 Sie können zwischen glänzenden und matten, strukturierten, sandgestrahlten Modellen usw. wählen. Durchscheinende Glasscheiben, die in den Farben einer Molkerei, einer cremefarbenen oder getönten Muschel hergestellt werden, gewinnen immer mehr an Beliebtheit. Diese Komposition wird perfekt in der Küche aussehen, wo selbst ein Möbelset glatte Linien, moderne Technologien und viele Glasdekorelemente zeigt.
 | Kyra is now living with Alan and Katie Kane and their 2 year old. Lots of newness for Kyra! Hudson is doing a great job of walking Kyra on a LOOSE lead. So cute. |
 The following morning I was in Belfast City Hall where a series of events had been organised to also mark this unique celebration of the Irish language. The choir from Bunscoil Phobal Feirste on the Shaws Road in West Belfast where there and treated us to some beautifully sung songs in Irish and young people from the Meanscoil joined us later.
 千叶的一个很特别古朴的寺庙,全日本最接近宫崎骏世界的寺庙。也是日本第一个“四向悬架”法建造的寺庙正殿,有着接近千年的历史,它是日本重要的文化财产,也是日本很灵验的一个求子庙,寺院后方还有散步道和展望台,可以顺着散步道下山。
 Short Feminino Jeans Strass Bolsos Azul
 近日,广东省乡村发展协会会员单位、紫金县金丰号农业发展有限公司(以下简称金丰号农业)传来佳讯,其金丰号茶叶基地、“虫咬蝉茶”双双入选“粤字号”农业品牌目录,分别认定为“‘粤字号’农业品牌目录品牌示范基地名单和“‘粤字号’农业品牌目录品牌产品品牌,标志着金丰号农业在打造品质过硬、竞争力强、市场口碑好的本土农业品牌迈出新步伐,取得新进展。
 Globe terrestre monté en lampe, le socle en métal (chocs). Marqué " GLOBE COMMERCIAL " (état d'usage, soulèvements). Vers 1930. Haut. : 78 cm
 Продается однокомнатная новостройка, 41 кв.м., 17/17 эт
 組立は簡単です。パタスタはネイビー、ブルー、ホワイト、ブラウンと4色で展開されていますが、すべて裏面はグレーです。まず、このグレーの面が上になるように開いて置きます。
====================
§ **Task details**: Write out each line exactly, beginning at the one with "近日,广东省乡村发展协会会员" and ending at the final line of the records above, with nothing added.

§ **Result of the task**:
 近日,广东省乡村发展协会会员单位、紫金县金丰号农业发展有限公司(以下简称金丰号农业)传来佳讯,其金丰号茶叶基地、“虫咬蝉茶”双双入选“粤字号”农业品牌目录,分别认定为“‘粤字号’农业品牌目录品牌示范基地名单和“‘粤字号’农业品牌目录品牌产品品牌,标志着金丰号农业在打造品质过硬、竞争力强、市场口碑好的本土农业品牌迈出新步伐,取得新进展。
 Globe terrestre monté en lampe, le socle en métal (chocs). Marqué " GLOBE COMMERCIAL " (état d'usage, soulèvements). Vers 1930. Haut. : 78 cm
 Продается однокомнатная новостройка, 41 кв.м., 17/17 эт
 組立は簡単です。パタスタはネイビー、ブルー、ホワイト、ブラウンと4色で展開されていますが、すべて裏面はグレーです。まず、このグレーの面が上になるように開いて置きます。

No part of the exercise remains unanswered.